WHAT IS REQUIRED: Leave out every picture and set down, exactly, the lines below from the one holding "蒙古族古代文学文献研究(关于蒙古族古代文学文献研究部分内容简述)" up to and including the one holding "18K金镂空卷草纹,开口手镯".

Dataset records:
———
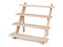 Czteropiętrowy stojak drewniany nadaje się do prezentacji produktów w witrynach. Schodkowe ułożenie oszczędza miejsce w przestrzeni. Stojak można łatwo złożyć i rozłożyć za pomocą dwóch śrub i nakrętek skrzydełkowych. Dzięki temu jest chętnie wykorzystywany także przez sprzedawców na stoiskach. Wymiary pojedynczego poziomu to 8 x 39,5 cm. Poziomy na złożonym stojaku się nie zachodzą, można na nich umieścić przedmioty o dowolnej wysokości. Z jednej strony w desce wyryte są 3 rowki na włożenie tabliczki z opisem. Możesz sam zdecydować, czy chcesz mieć na górnej stronie gładkie drewno, czy skorzystasz ze strony z rowkami. Stojak dostarczamy w stanie rozłożonym.
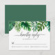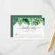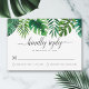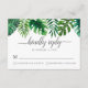 Carte RSVP de mariage tropical avec des feuilles d'aquarelle, dont des feuilles de monstère, de palme et de banane, sur un arrière - plan blanc. L'envers affiche une couleur verte profonde.
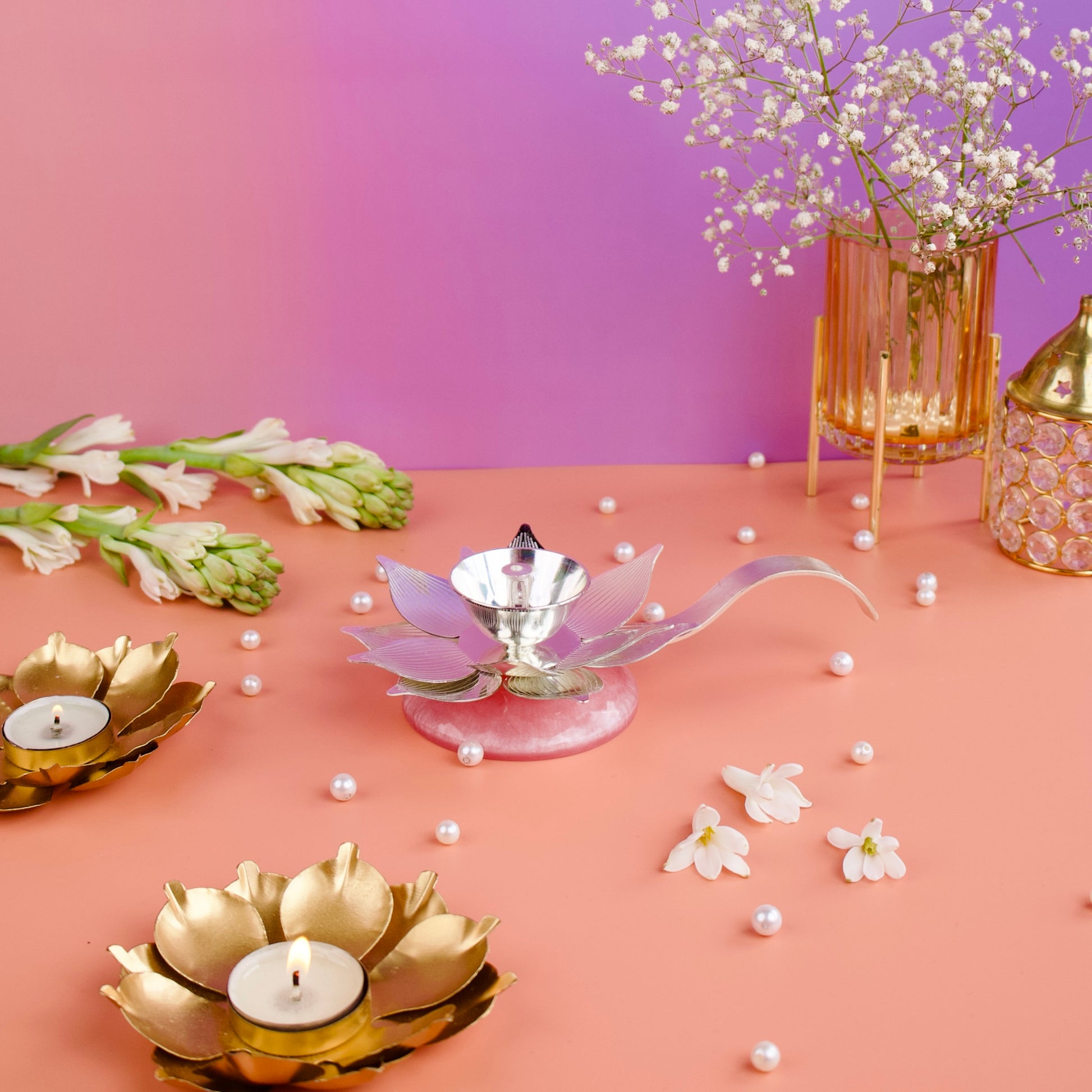 Brass Pink Enamel Silver Plated Diya & Bell Set – Elegant Festive Gift for Puja & Home
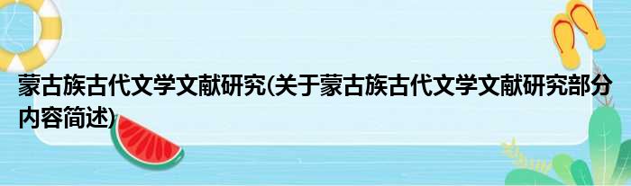 蒙古族古代文学文献研究(关于蒙古族古代文学文献研究部分内容简述)
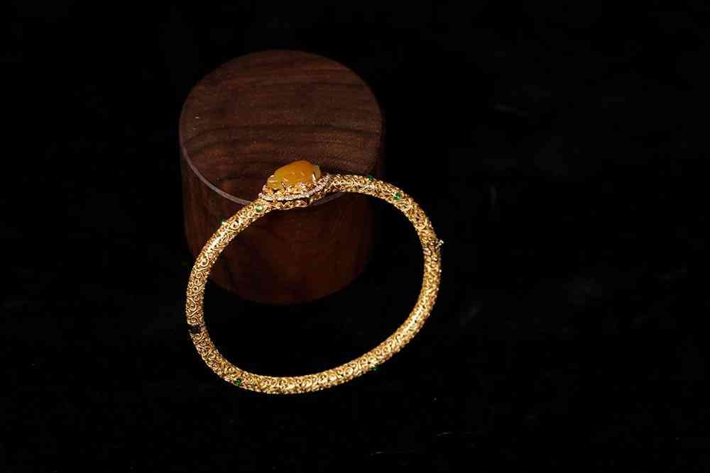 18K金镂空卷草纹,开口手镯,一枚金包银籽料螃蟹点缀其上,活灵活现,亦承八方来财之美意。
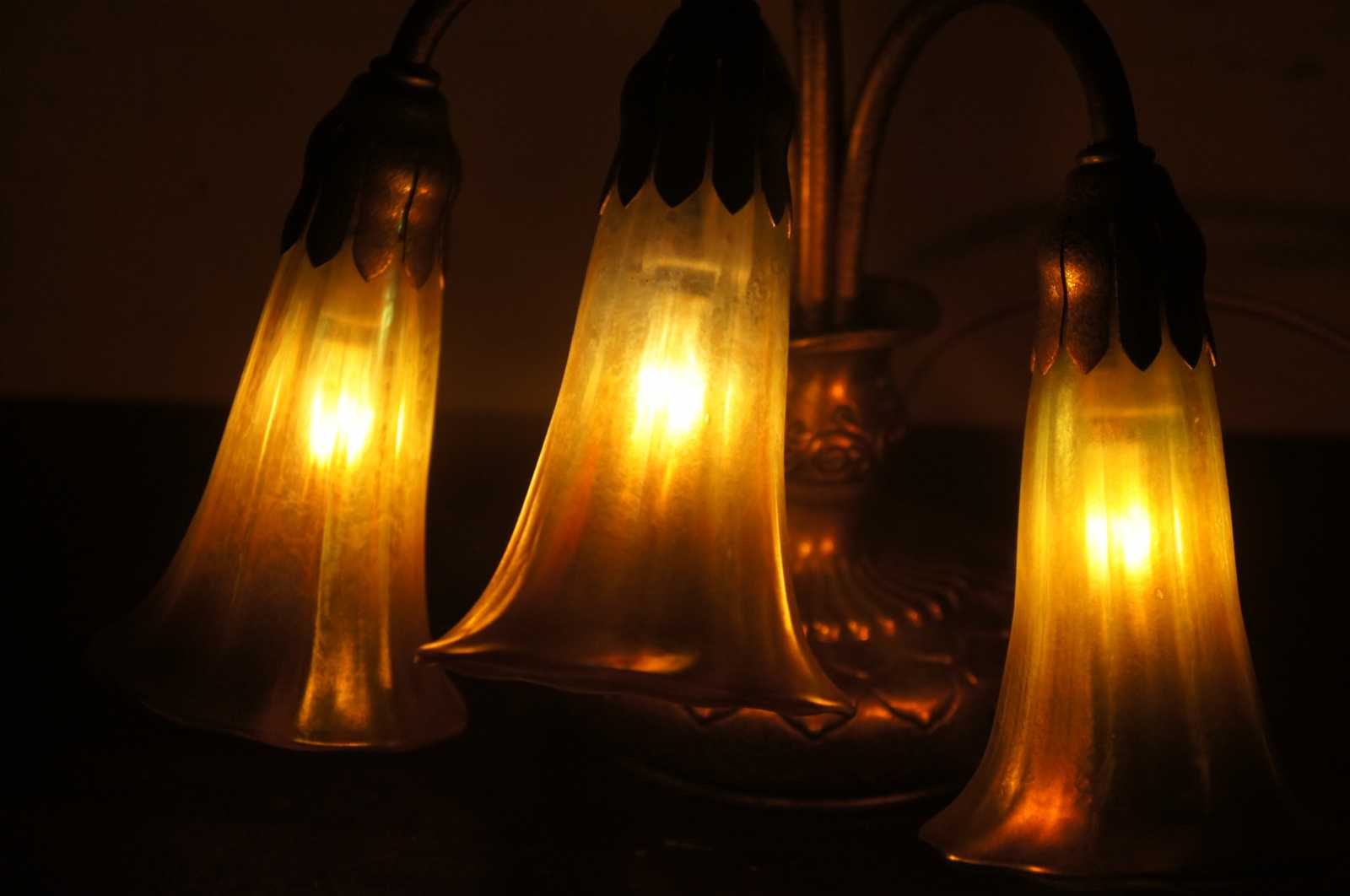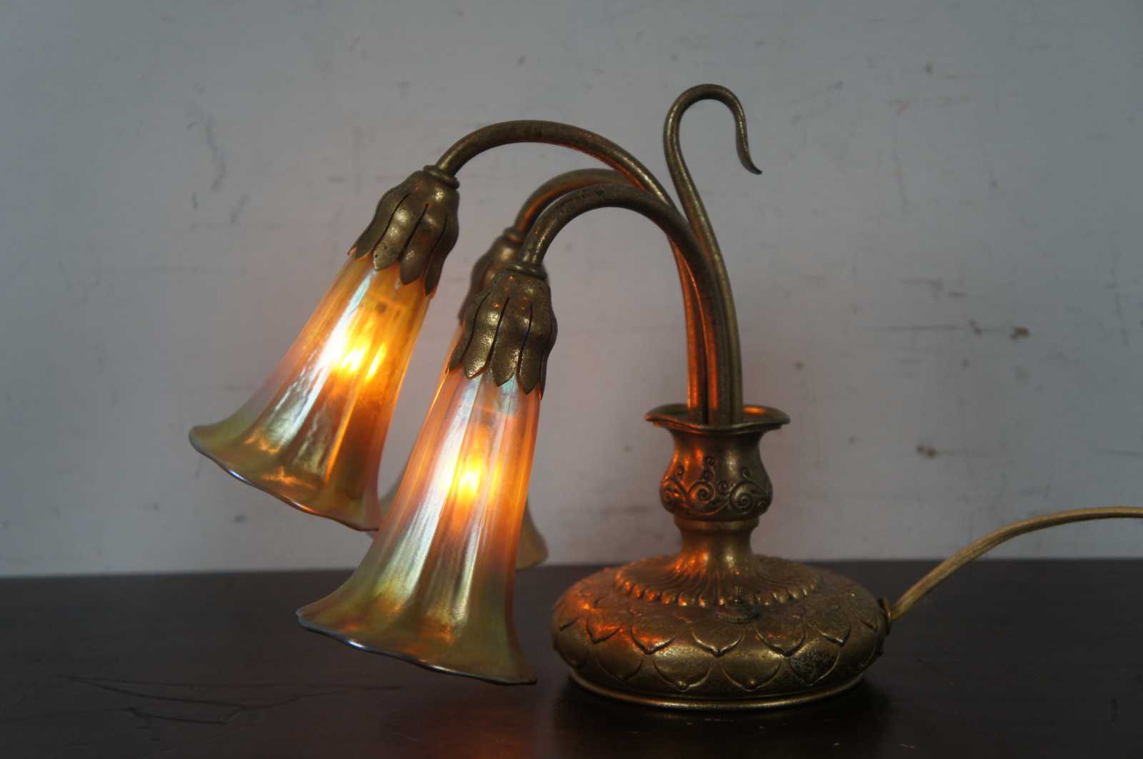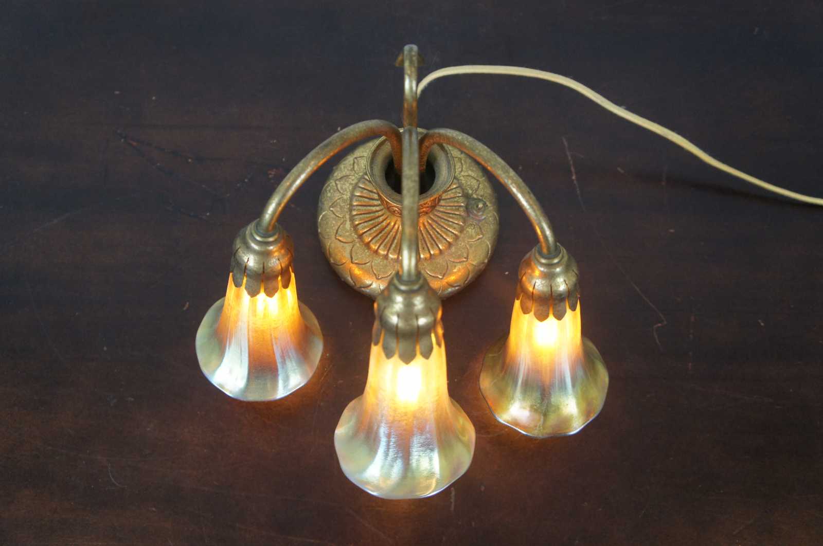 Circa 1910 Tiffany Studios three light lily piano lamp. Patinated bronze with artichoke base and three iridescent gold favrile lily shades, signed lct along one of the shades and marked Tiffany Studios New York 320 along the base.
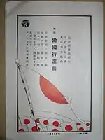 After the war, the songs during the war have been regarded as a taboo even in Japan despite those historical importance.[18] One of war songs, "Shussei Heishi o Okuru Uta" (出征兵士を送る歌, literally "Song for giving warriors a send-off"), composed by Isao Hayashi, went on to become a theme of Japanese right-wing groups called uyoku dantai.[28] Li Xianglan's "Suzhou Nocturne", composed by Hattori, has remained controversial in China, though it was a non-propaganda song.[32] After the war, Taro Shoji, who heard the Gyokuon-hōsō in Nagano Prefecture, was once banned from singing many of his songs because those were regarded as nationalistic.[31] Rōkyoku faded into the wallpaper with the spread of television in the postwar period.[29] In 1946, NHK revived their music program as "Radio Kayō" and it was later reformed as "Minna no Uta", but NHK was disinclined to mention its former history.[18]
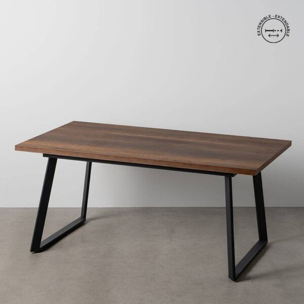 La mesa extensible marrón une diseño sofisticado y funcionalidad, ideal para espacios modernos y cálidos. Su sobre extensible pasa de 170 cm a 230 cm, ofreciendo espacio adicional para reuniones familiares o cenas con amigos. La apertura central y sus patas de hierro aportan estabilidad y resistencia, mientras que su acabado en madera melaminada añade un toque natural y acogedor.
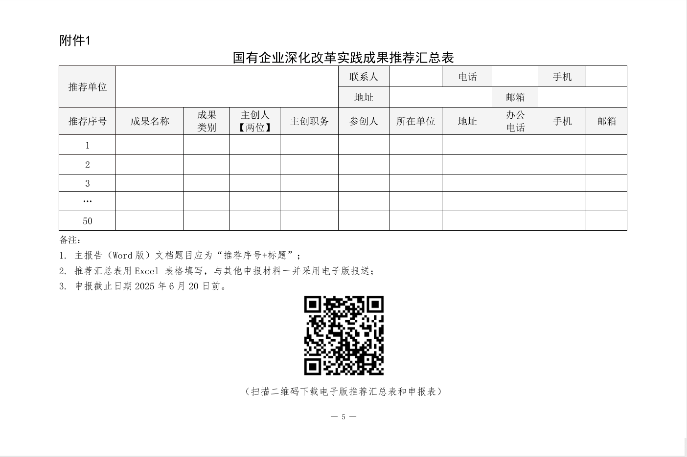 (掃碼下載2025年國有企業(yè)深化改革實(shí)踐成果推薦活動(dòng)通知、推薦匯總表、申報(bào)表) 附件1
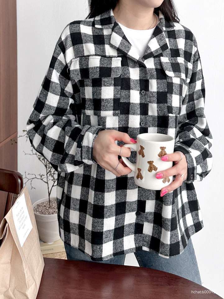 모직 체크 셔츠 남방 ■
———
YOUR RESPONSE:
 蒙古族古代文学文献研究(关于蒙古族古代文学文献研究部分内容简述)
 18K金镂空卷草纹,开口手镯,一枚金包银籽料螃蟹点缀其上,活灵活现,亦承八方来财之美意。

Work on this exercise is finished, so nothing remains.